Sentencing after the two-month-long, Brussels jury court trial, which underlined the threat posed by European Muslim militants returning home after fighting in Syria’s war, is to be announced at a later date.
Nemmouche, 33, remained silent in the dock as former hostages of Islamic State group militants, as well as victims of the May 2014 museum attack testified against him.
Photo: AFP
However, on Tuesday he briefly took the stand to say that he had been “tricked.”
Lawyers for the victims praised Belgian prosecutors for building a rigorous case against Nemmouche that stood up against accusations by the defense that he had been framed in a plot to kill two agents of Israel’s Mossad external security service.
“It’s a victory for justice,” said David Ramet, a lawyer for the two daughters of Myriam and Emmanuel Riva, an Israeli tourist couple killed in the shooting.
The eldest of the two, Shiva, earlier testified in court that the “tragedy would pursue them all their lives,” public broadcaster RTBF reported.
Two men employed at the museum, Dominique Sabrier and Alexandre Strens, also died in the shooting attack.
During the trial, assertions by Nemmouche’s lawyer that video footage of the shooting was faked and that his client never pulled the trigger outraged the victims’ families and survivors.
European Jewish Congress president Moshe Kantor on Thursday said that “the use of reprehensible tactics and conspiracy theories of the defense lawyers” was a disgrace.
The attack in May 2014 was the first staged by a Western European who had fought in the ranks of Muslim militant factions in the Syrian Civil War, prosecutors said.
A lawyer for Nemmouche said that he would respect the 12-person jury’s decision and not appeal the verdict.
Another French citizen, Nacer Bendrer, was found guilty of providing the weapon used in the shooting.
The two met and were radicalized in jail, investigators said.

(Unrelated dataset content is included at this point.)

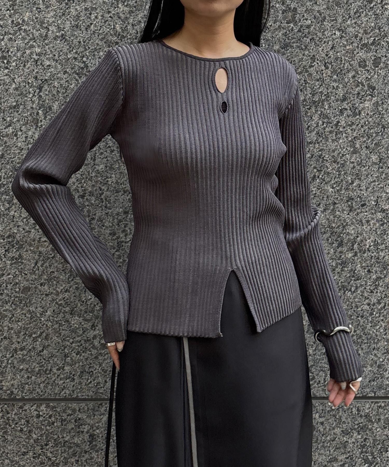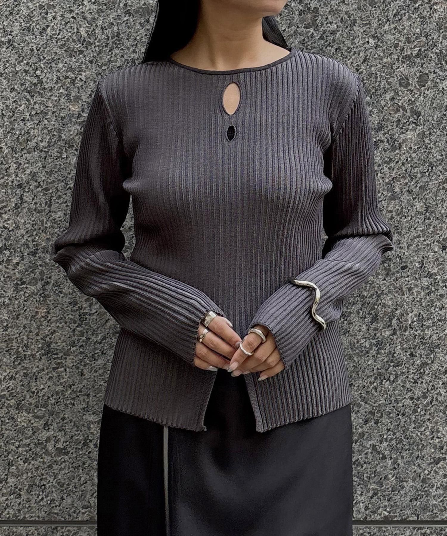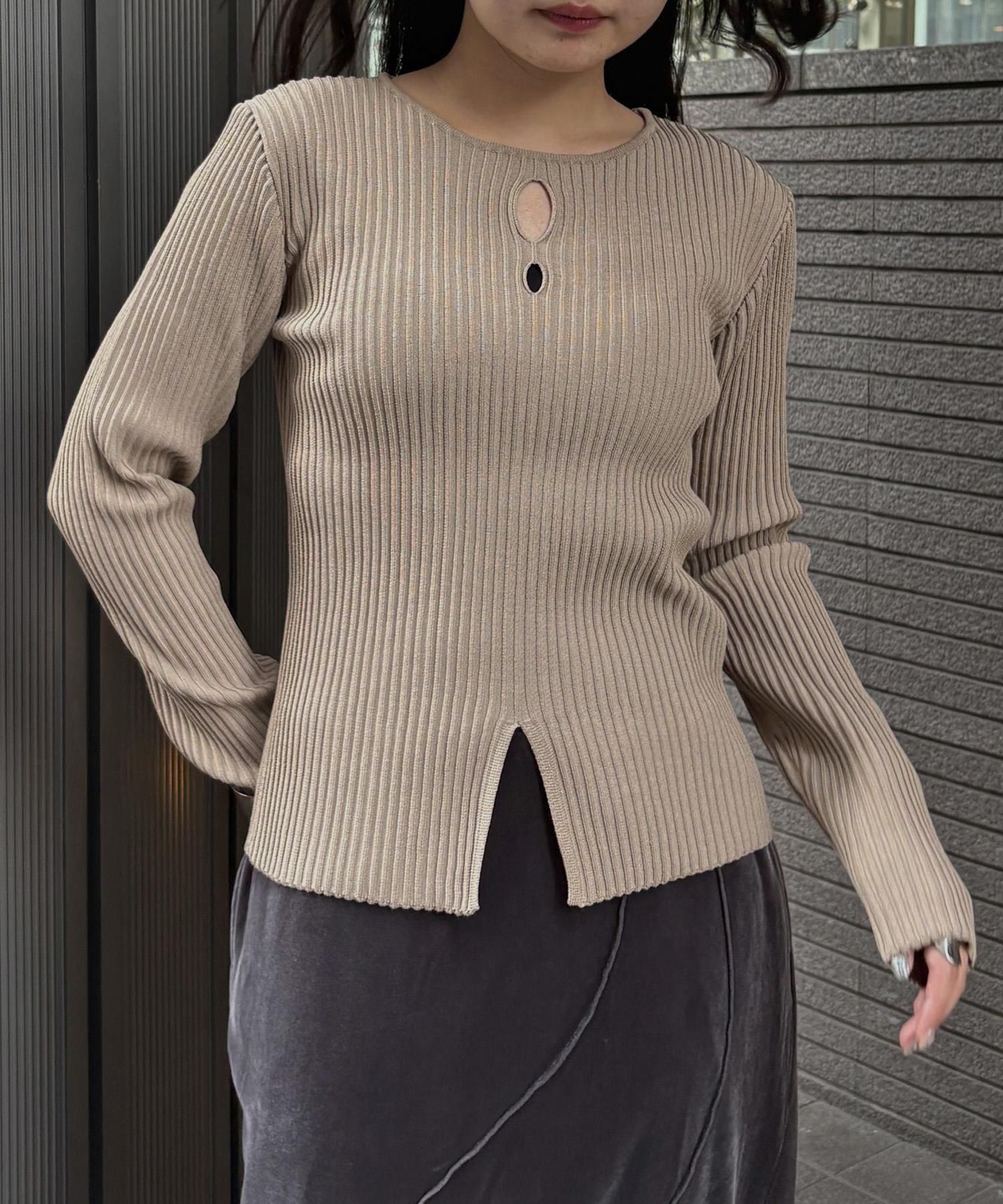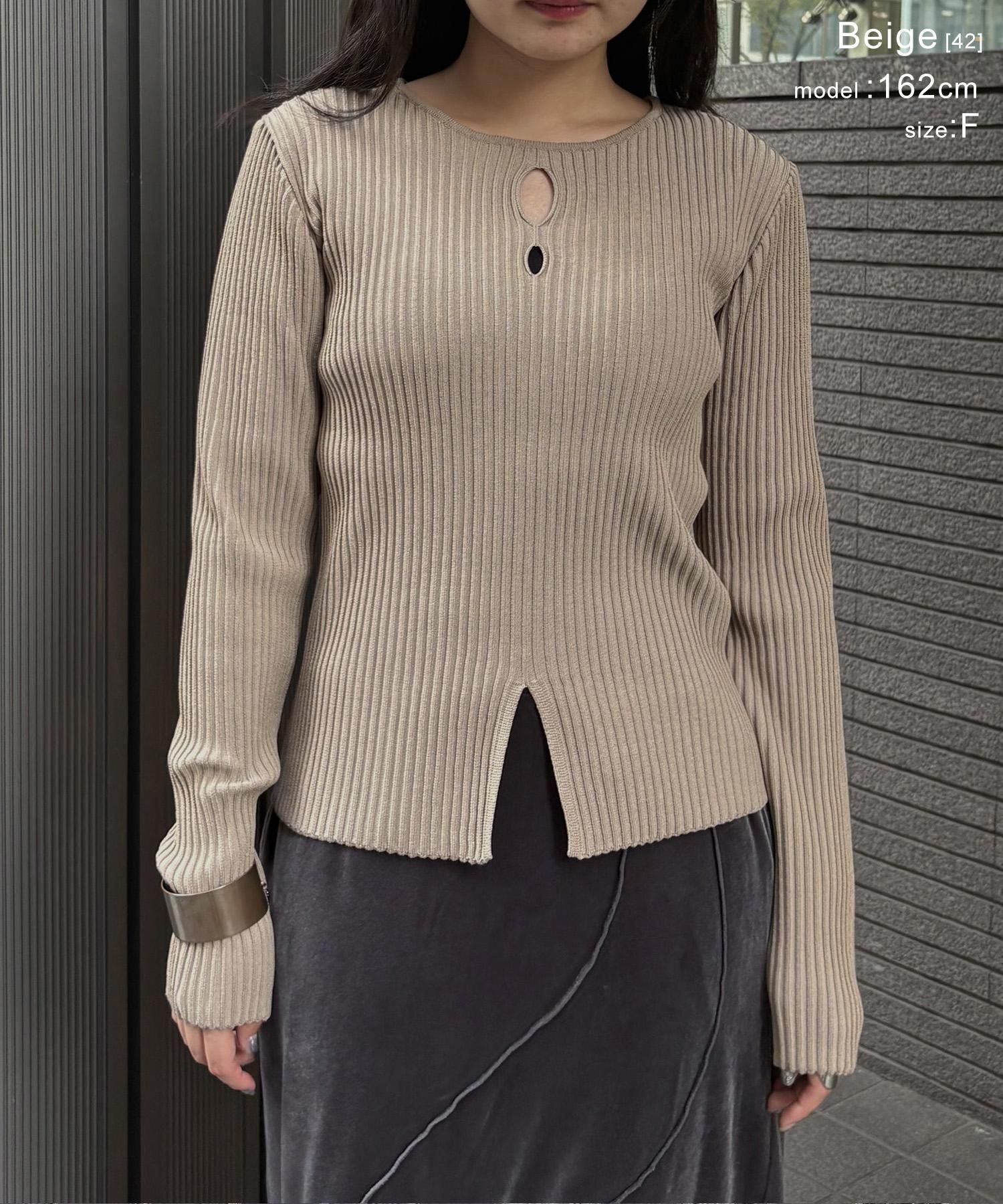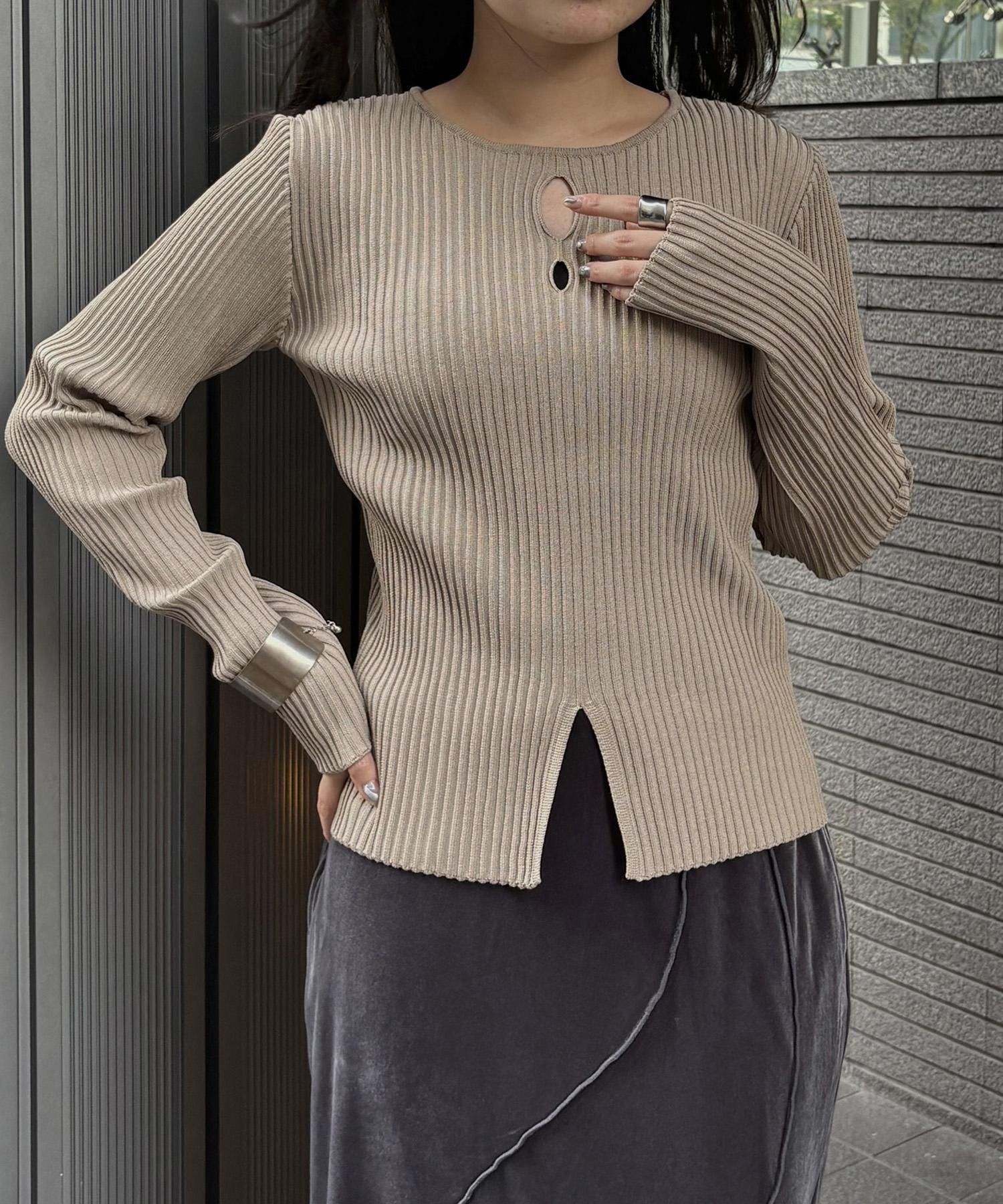 奥行き感のあるリブがポイントのスリットニット
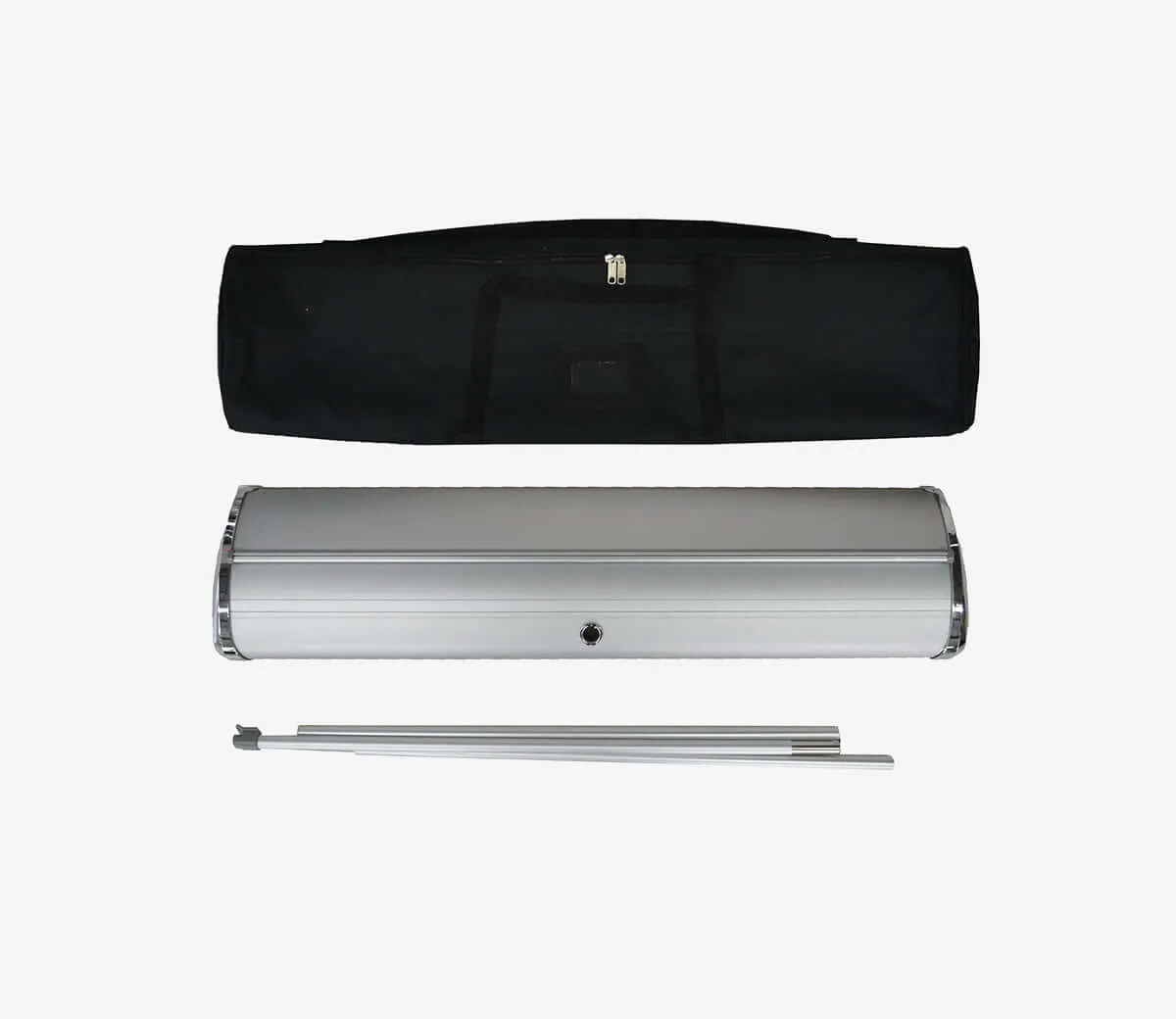 Premium construction — the heavier, extra-stable aluminium cassette and a robust three-piece mast carry the graphic securely, even in busy environments. The reinforced transport bag makes carrying easier and protects the set in transit.

Prosecutors told the court that Nemmouche was arrested in the southern French city of Marseille less than a week after the shooting carrying a Kalashnikov of the kind used in the crime.
The jury last month also heard testimony from two French journalists who were held hostage by the Islamic State in Syria and identified Nemmouche as one of their captors.
The journalists described him as deeply anti-Semitic, sadistic and full of hatred.
Nemmouche faces separate charges in France for his role in keeping the reporters in captivity.